What needs to be done |
From the listing below, please restate exactly the lines beginning at the one with "Product NameGamvity Smart" and ending at the one with "журналы Рыскул | |", both included, and skip the pictures.
--- Data section Enclosed Below ---
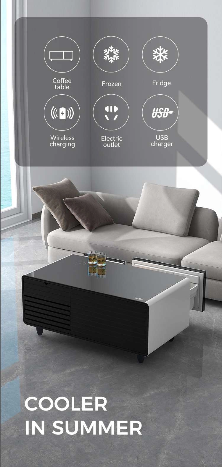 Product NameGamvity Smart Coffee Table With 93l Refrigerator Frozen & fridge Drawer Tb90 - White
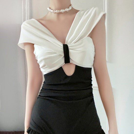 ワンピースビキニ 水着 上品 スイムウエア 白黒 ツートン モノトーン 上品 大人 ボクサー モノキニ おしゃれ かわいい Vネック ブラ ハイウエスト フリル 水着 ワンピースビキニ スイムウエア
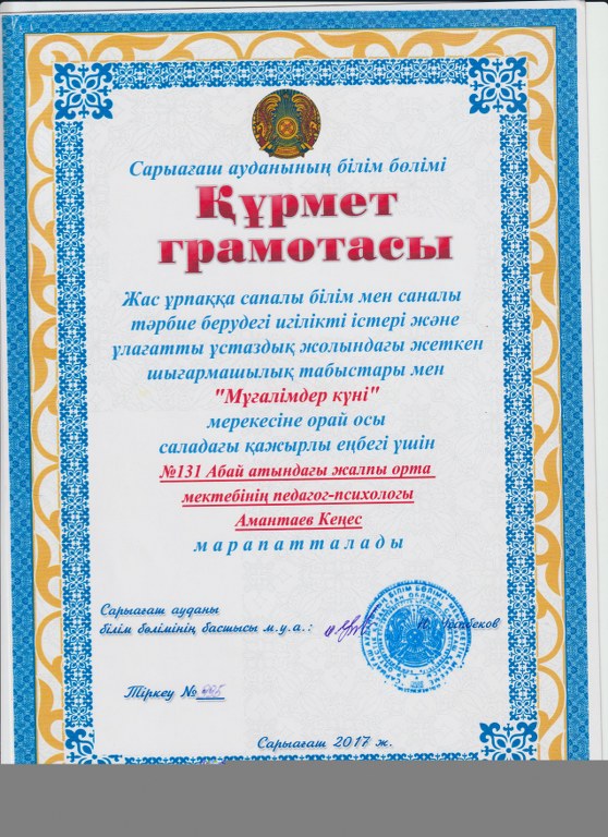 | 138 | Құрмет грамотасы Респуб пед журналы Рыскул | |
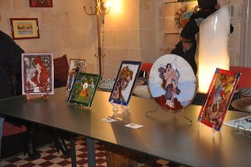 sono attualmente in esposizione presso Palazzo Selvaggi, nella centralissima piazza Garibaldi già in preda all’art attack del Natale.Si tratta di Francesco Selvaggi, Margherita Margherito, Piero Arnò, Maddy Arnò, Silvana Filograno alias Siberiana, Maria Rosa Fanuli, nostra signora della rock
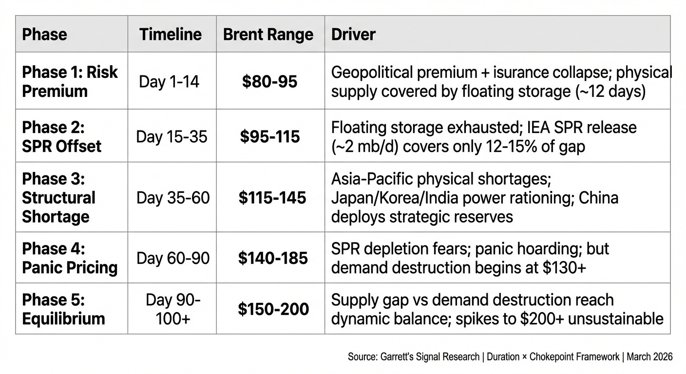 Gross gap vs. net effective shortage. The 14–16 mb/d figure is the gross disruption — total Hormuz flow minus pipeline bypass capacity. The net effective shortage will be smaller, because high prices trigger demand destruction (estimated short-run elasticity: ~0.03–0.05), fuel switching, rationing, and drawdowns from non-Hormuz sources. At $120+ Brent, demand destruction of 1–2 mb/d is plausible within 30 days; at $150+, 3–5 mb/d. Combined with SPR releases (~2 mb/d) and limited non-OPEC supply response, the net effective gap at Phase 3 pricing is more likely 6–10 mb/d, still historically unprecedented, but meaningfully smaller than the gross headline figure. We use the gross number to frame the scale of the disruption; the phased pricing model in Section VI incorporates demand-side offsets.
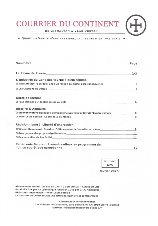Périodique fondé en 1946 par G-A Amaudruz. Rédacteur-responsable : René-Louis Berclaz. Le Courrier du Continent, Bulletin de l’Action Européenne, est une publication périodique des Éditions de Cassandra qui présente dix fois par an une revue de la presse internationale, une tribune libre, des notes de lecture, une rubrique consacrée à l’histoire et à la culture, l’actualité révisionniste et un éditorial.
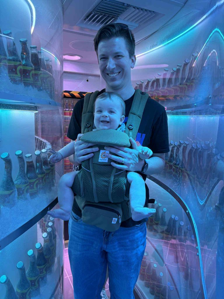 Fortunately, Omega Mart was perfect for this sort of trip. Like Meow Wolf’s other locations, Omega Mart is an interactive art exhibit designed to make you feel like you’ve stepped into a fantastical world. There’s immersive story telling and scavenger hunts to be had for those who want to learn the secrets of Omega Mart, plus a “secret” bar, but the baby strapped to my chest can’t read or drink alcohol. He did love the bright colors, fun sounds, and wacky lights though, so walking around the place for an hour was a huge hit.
--- End of Enclosed Data section ---
--- Data section Enclosed Below ---
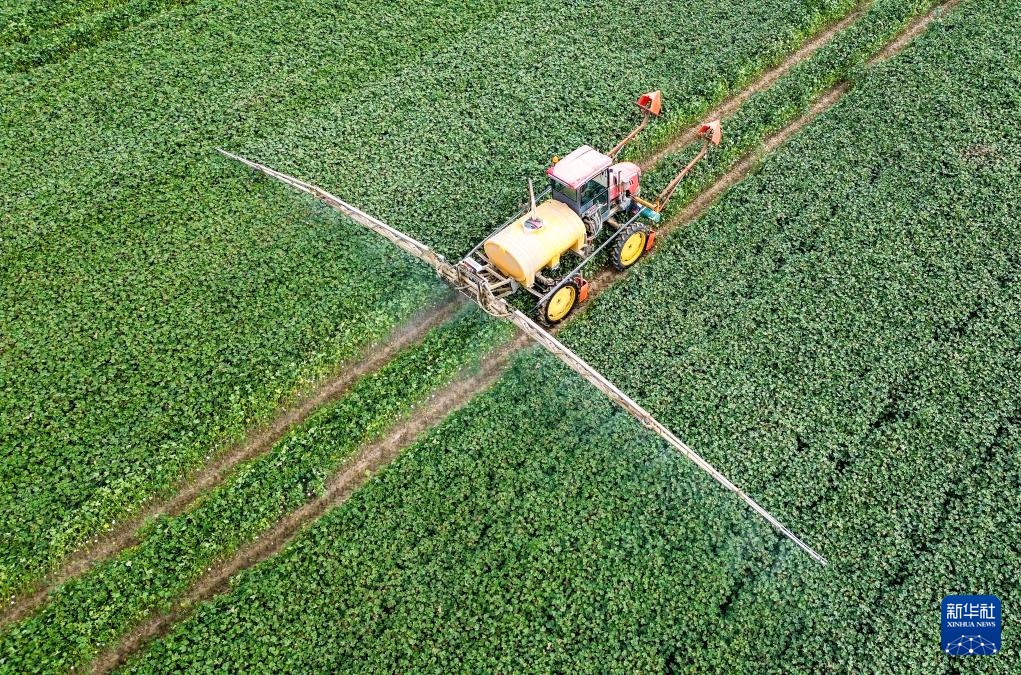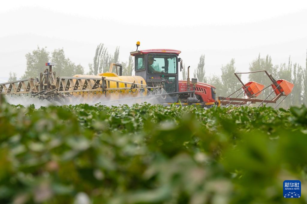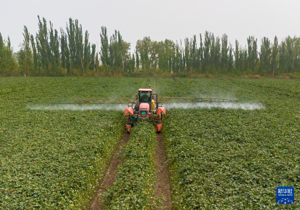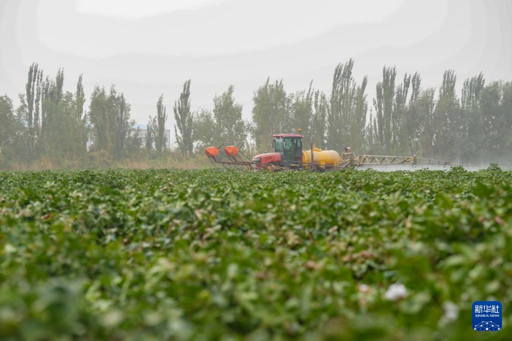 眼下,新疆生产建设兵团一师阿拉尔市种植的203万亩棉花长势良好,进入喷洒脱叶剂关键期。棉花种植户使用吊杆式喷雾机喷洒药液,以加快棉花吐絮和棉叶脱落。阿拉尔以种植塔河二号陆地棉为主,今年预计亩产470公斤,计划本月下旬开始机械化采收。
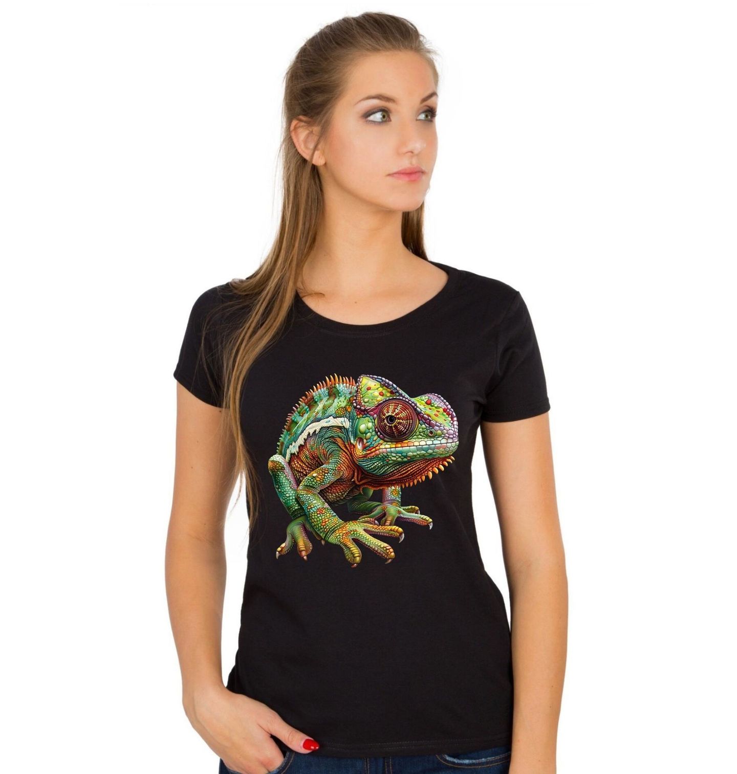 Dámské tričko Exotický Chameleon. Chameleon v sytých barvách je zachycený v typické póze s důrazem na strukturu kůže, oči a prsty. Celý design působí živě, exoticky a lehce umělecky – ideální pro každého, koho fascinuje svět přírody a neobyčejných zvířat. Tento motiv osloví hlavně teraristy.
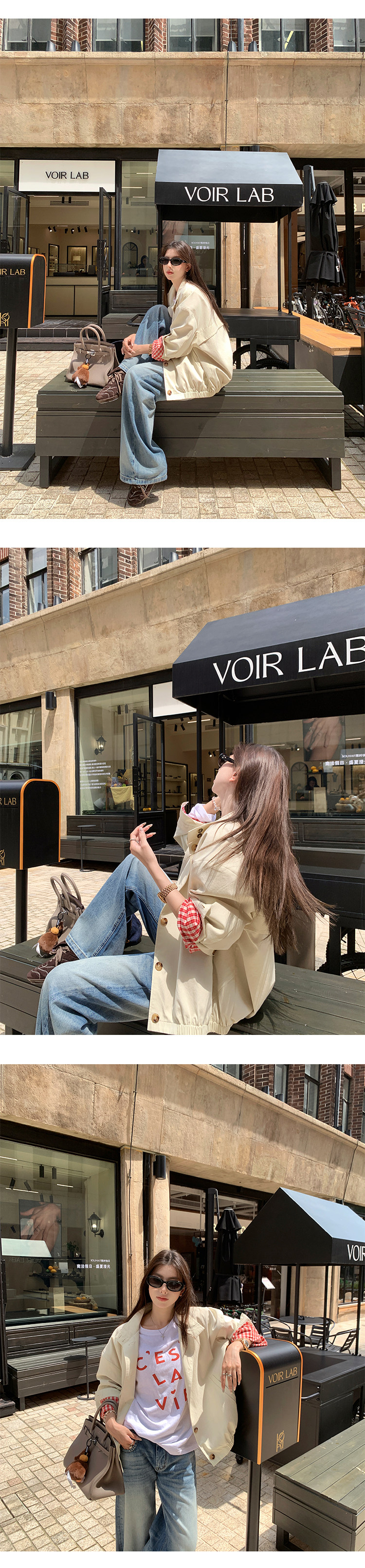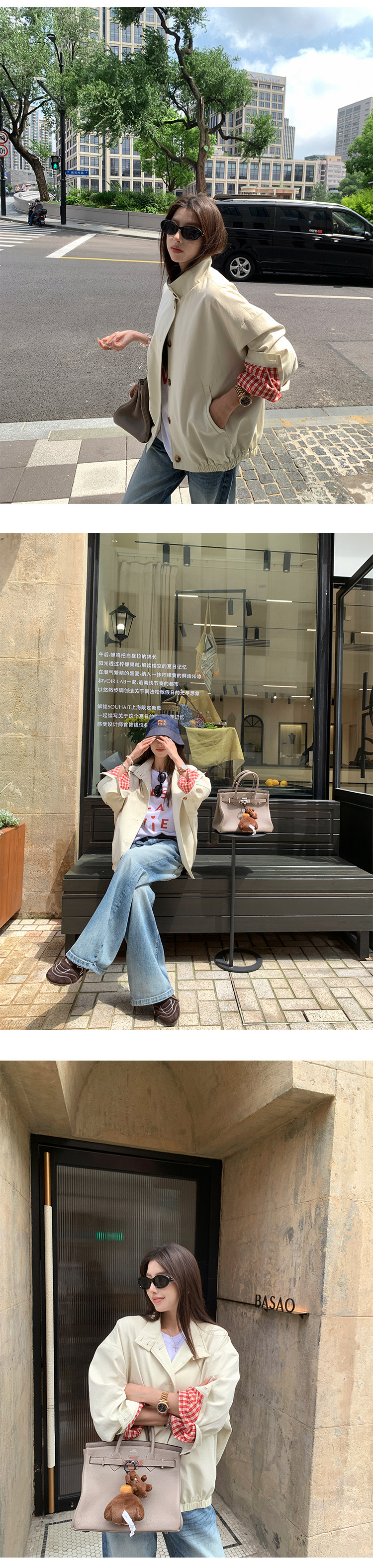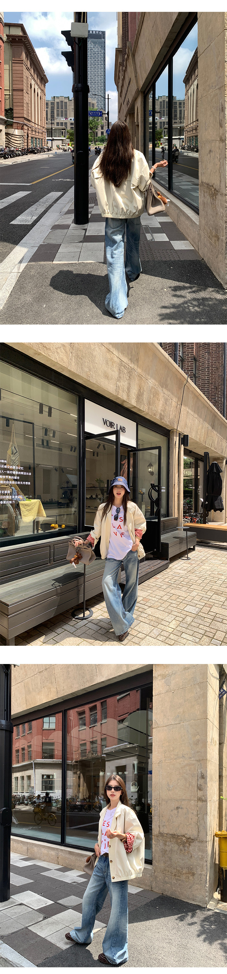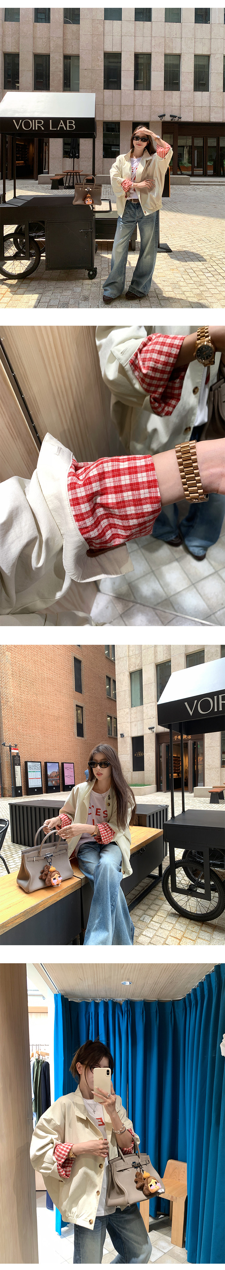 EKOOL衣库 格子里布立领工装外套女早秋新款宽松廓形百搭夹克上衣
--- End of Enclosed Data section ---
Answer to the problem |
 Product NameGamvity Smart Coffee Table With 93l Refrigerator Frozen & fridge Drawer Tb90 - White
 ワンピースビキニ 水着 上品 スイムウエア 白黒 ツートン モノトーン 上品 大人 ボクサー モノキニ おしゃれ かわいい Vネック ブラ ハイウエスト フリル 水着 ワンピースビキニ スイムウエア
 | 138 | Құрмет грамотасы Респуб пед журналы Рыскул | |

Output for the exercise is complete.